Wenn er das nicht auf Lager hat, kann er es mit Sicherheit bestellen.

Anbei aber auch mal ein Link...

http://www.hydro-shop.de/


----------



## atzie (1. Juni 2005)

Moin Thorsten, danke für die schnelle Antwort. Sind das bei dem Link nicht die normalen Hydrokugeln? Ich dachte es soll irgendwie so ein gebrochenes Zeug sein ? Ist das nur eine Preisfrage oder eine Funktionsfrage? Liebe Grüße
Andrea


----------



## Koifan (29. Okt. 2005)

Hallo Thorsten Da es hier gerade um den Pflanzenfilter geht , hier noch eine kurze Frage zum Bodenablauf im Pflanzenfilter. Muss der unbedigt sei und wenn ja wie. Gruss Koifan.


----------



## Thorsten (30. Okt. 2005)

Moin Koifan,

nun ja, sein *muss* ein Bodenablauf nicht.
Aber dieser erleichtert ungemein das säubern eines Pflanzfilters.
Zugschieber auf und dein Schmutz/Mulm wird abgelassen.

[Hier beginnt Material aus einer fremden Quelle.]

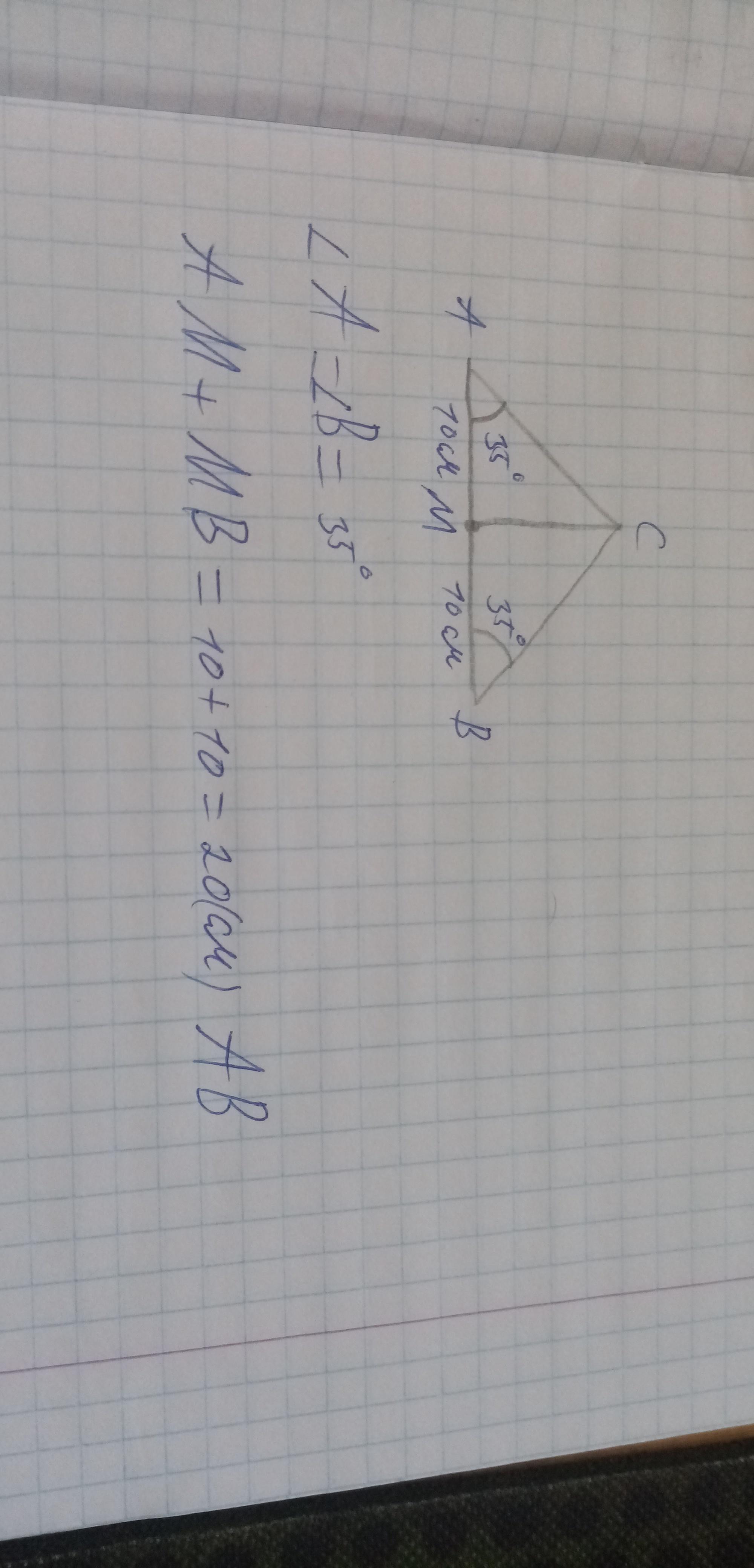 Якщо у рівнобедреному трикутнику через верхню вершину провести висоту або бісектрису то сторона навпроти поділиться на 2 відрізки. Позначаємо висоту двома точками С і М. Відрізок ВМ = 10 см, отже відрізок АВ також буде 10 см.

Bei mir habe ich ein 50er Flansch eingesetzt, der mittels eines Zugschieber (50er) geöffnet und geschlossen werden kann.
Durch ein 50er HT Rohr wird das Schmutzwasser in ein Auffangbecken -200l Regentonne geleitet.


----------



## Frank (30. Okt. 2005)

Hallo Andrea,

wie Thorsten schon sagte, müsste du es bei jedem guten Gärtner finden.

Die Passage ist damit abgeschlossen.